Hello from the dark purple.
:(
Hello from the dark purple.
:(
Well there goes a part of my Sunday. Now I have to go try to represent some kind of opposing viewpoint on this garbage. Finally Senator Nelson caves and votes for the damn thing and now Huckabee wants to come rally? Whatever dude. I’ll be there so you know that Nebraska is not giving you a free pass on this one.
This is how I feel today.
Being a geek, I spent most of the morning playing on Google Maps. I was trying to find the closest point to me where I could stand at the intersection of three states. The Missouri River is thwarting the easiest option: Sioux City. North Sioux City is in South Dakota, Sioux City is in Iowa, and South Sioux City is in Nebraska. Stupid river.

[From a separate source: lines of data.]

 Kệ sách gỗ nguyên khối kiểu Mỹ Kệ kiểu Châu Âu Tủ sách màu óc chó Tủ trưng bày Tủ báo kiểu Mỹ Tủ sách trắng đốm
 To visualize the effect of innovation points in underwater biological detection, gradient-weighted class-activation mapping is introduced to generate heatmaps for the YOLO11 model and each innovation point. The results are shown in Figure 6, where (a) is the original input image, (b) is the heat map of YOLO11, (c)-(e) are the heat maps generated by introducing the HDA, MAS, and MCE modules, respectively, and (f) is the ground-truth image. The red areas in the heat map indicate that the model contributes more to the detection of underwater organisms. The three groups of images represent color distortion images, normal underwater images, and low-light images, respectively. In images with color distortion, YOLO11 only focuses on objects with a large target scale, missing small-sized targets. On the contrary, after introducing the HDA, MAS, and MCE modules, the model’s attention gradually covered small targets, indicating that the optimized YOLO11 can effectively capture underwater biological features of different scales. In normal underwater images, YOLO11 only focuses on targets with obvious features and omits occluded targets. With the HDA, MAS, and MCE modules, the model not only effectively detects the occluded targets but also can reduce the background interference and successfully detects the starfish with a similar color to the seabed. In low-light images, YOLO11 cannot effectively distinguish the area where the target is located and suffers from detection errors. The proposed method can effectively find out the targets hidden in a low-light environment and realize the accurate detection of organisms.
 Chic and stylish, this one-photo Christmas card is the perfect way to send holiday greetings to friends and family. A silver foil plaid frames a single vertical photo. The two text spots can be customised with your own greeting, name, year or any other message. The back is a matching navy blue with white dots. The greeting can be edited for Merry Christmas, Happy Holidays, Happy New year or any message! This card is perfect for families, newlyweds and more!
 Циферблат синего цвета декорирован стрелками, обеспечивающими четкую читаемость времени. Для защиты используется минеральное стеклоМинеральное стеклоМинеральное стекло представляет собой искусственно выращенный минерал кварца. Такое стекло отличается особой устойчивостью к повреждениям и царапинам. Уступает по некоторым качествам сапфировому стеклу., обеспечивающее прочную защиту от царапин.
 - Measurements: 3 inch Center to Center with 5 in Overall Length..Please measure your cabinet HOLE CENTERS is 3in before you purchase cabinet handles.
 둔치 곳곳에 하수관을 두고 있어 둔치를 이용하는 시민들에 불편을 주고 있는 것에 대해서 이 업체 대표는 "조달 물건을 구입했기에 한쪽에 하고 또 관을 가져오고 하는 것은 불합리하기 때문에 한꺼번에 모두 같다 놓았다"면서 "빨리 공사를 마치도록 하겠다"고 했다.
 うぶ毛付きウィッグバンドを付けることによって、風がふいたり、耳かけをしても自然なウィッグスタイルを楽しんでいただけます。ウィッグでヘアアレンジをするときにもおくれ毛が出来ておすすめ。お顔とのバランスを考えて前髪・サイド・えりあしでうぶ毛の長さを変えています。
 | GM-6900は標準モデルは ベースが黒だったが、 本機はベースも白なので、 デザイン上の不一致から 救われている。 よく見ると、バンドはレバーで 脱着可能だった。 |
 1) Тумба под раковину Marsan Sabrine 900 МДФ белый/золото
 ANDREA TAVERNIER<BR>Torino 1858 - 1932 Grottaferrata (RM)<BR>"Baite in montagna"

It looks like I’m about a three-hour drive away from the closest “standable” point which would be the South Dakota/Minnesota/Iowa border east of Sioux Falls. The point where the states meet appears to be at the intersection of — get this — 488th Avenue and 268th Street. I guess the government just said “fuck it” and gave up naming the streets after a while.

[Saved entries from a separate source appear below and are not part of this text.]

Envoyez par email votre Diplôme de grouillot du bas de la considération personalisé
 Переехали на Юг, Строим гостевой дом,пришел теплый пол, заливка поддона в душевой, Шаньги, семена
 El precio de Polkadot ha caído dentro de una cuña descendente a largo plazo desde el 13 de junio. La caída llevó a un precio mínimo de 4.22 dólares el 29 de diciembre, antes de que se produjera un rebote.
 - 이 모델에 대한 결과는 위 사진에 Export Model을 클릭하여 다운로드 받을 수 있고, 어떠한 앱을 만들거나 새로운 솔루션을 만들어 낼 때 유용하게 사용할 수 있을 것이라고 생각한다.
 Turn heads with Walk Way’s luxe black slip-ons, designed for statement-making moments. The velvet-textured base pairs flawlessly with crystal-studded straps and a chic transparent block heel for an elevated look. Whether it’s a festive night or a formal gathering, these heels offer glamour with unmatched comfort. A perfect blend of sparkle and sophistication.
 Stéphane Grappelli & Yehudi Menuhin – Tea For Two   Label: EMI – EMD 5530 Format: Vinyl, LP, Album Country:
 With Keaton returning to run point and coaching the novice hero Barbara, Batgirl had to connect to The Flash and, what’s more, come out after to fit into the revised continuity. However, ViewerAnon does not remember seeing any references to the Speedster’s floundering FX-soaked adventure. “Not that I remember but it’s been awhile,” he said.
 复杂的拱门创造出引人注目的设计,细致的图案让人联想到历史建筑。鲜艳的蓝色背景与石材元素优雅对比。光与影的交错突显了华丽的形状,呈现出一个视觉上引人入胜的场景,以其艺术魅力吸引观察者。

Wanderlust? What wanderlust?
I really, really hate it.
After four and a half years in Phoenix, being back in Nebraska over the summer was a treat. I could walk outside whenever I want, there were fireflies, and nobody has to dash straight from their car into their offices to avoid being outside and melting due to the heat.
Quickly, the summer turned to fall and the leaves on the trees were a forgotten delight. It was fun seeing kids all bundled up for Halloween and it was almost quaint the way I had to actually turn on my gas heater. Heater! Because sometimes the house isn’t warm enough! Ha ha! Oh, Arizona, you are a distant memory.
And now, it’s the dead of winter and I’m ill-equipped to deal with the ridiculous snow. I bought sweaters (three!) and scarves (four!) and gloves (three pairs!) and a cute hat that matches my winter coat (purchased in February in Scottsdale for like $30!) and forgot that (oh yeah!) I’d need boots, too. Winter boots. For the stupid snow.
So here we are, two days after a blizzard in the beginning of December, and I’m already sick of winter. I’m sick of scraping ice off my windshield. I’m sick of using the defroster. I’m sick of fogging up my lenses when I wear glasses. I’m sick of stiff-leggedly padding across parking lots looking like a newborn fawn attempting to walk.
At this moment, in this instance: I’m sick of living here.
I’m really glad that my job’s Expo is over. Here’s how I keep track of work stuff: giant whiteboard.
There is considerably more blank space now!